The USEPA software ProUCL was used to perform both the Wilcoxon rank sum test and Gehan's test, a variant of the generalized Tarone-Ware test. A significance level of 0.05 was selected. For this example, the null hypothesis is not rejected by either of the two-sample tests, indicating there is not a significant amount of evidence that the median concentration at the compliance well is greater than the median concentration at the background well. Based on this result, the remediation of metals at Site A appears to have been successful. Technically, the test results do not show that the site has been remediated, only that there is insufficient evidence (at a 5% significance level) that it hasn’t. In other words, if more data were available, it’s possible that the conclusion would change because our hypothesis tests would have more power to detect a difference between the two data sets.

To understand how confident you should be in this conclusion, it is useful to consider the p-values and power of the tests. Using the Wilcoxon rank-sum test the null hypothesis is accepted with a p-valueIn hypothesis testing, the p-value gives an indication of the strength of the evidence against the null hypothesis, with smaller p-values indicating stronger evidence. If the p-value falls below the significance level of the test, the null hypothesis is rejected. of 0.17. Using Gehan’s variant of the generalized Wilcoxon test yields a p-value of 0.15. The p-values give an indication of the strength of the evidence against the null hypothesis (site is less than background), with smaller p-values indicating stronger evidence. Since a significance level of 0.05 is selected, consider the evidence to be significant enough to conclude that the site is greater than background if the p-value falls below 0.05. However, a p-value of approximately 0.15 could be considered weak evidence against the null hypothesis, which should be considered along with other information in order to evaluate the total weight of evidence.
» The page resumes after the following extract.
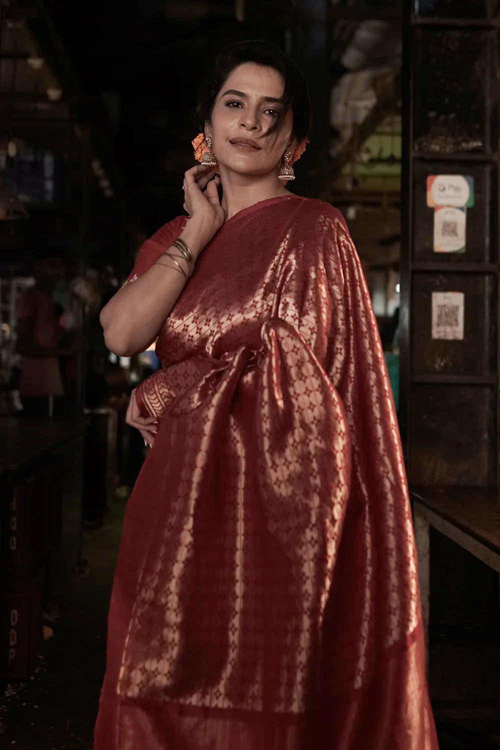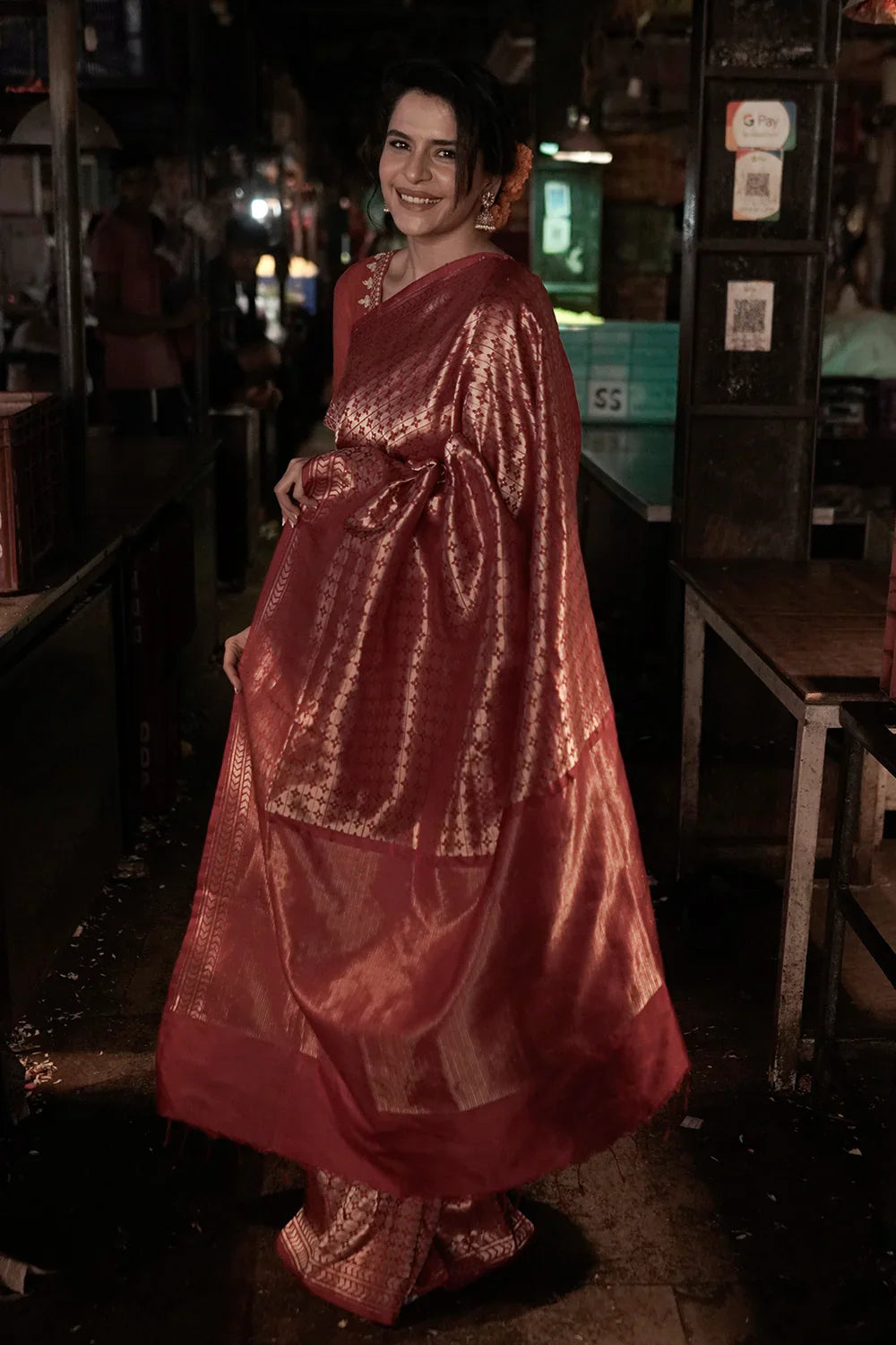 Berry Red Handloom Pure Silk Brocade Banarasi Saree

Since the null hypothesis was not rejected in the example, consider the power of the test. Power is the probability that the test would detect a difference between the two groups when there actually is a difference. ProUCL can be used to calculate the required sample size for the Wilcoxon rank sum test to achieve a certain level of power at a given significance level. Specify the size of difference in concentration between the groups that should be detected, which is referred to as the width of the gray region in ProUCL. In order to achieve a power of 75% in a single-sided test, ProUCL calculates a minimum sample size of 29, given a gray region width of 2 and the default standard deviation of the test statistic of 3. Since the sample size in the example is much less than 29, the power of the test is much less than 75%. The small power of the test means that there may actually be a small statistical difference between the site and background data sets. If a small difference would have an important impact on decisions at the site, then additional data or information should be collected.
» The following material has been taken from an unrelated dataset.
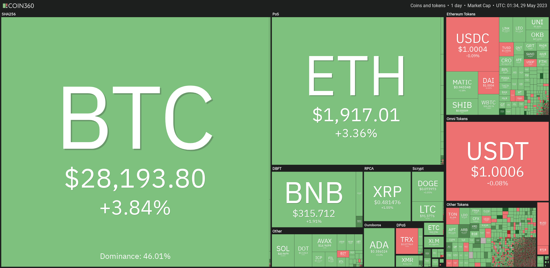 ETH kembali mendapatkan sentimen positif pelaku pasar setelah berhasil breakout resistance pada 23 Mei dan downtrend line. Kandil harian ETH ditutup hijau dengan kenaikan sebesar 4,30%.

A.2 Testing a Data Set for Trends Over Time

Chlorinated solvents have historically been detected in groundwater above regulatory limits at a former dry cleaning site. Suppose you want to test whether natural attenuation is taking place and if so, whether the compliance level will be reached within a reasonable time frame without active remediation. To test this hypothesis, the vinyl chloride data show in Table A-2 from a downgradient monitoring well are analyzed for a downward trend.

Table A-2. Time Series Data
Data Set 1 (µg/L)		Data Set 2 (µg/L)		Data Set 3 (µg/L)
Date	Concentration	Date	Concentration	Date	Concentration
1/1/2000	14	1/1/2004	6	1/1/2008	10
4/1/2000	3	4/1/2004	3	4/1/2008	4
7/1/2000	10	7/1/2004	17	7/1/2008	6
10/1/2000	39	10/1/2004	30	10/1/2008	14
1/1/2001	11	1/1/2005	10	1/1/2009	8
4/1/2001	5	4/1/2005	4	4/1/2009	3
7/1/2001	19	7/1/2005	11	7/1/2009	5
10/1/2001	33	10/1/2005	31	10/1/2009	15
1/1/2002	13	1/1/2006	10	1/1/2010	9
4/1/2002	3	4/1/2006	2	4/1/2010	2
7/1/2002	10	7/1/2006	11	7/1/2010	11
10/1/2002	16	10/1/2006	12	10/1/2010	15
1/1/2003	12	1/1/2007	7	1/1/2011	6
4/1/2003	3	4/1/2007	4	4/1/2011	3
7/1/2003	11	7/1/2007	6	7/1/2011	9
10/1/2003	27	10/1/2007	26	10/1/2011	12

A.2.1 Overview

Various statistical tests can check the data set for a significant downward trend to demonstrate that natural attenuation is taking place. Linear regression is the most commonly used trend test, which tests the null hypothesis that the slope of the mean population is equal to zero. A one-tailed t-test is performed by comparing the test statistic to a critical point equal to the desired significance level. If the absolute value of a test statistic is larger than the critical point, then the alternate hypothesis is accepted that there is a significant downward trend at the specified significance. Alternately, a two-tailed test could be performed to test whether any trend exists. However, the use of linear regression is limited since it depends on a number of underlying assumptions that are not always satisfied in real-world environmental problems.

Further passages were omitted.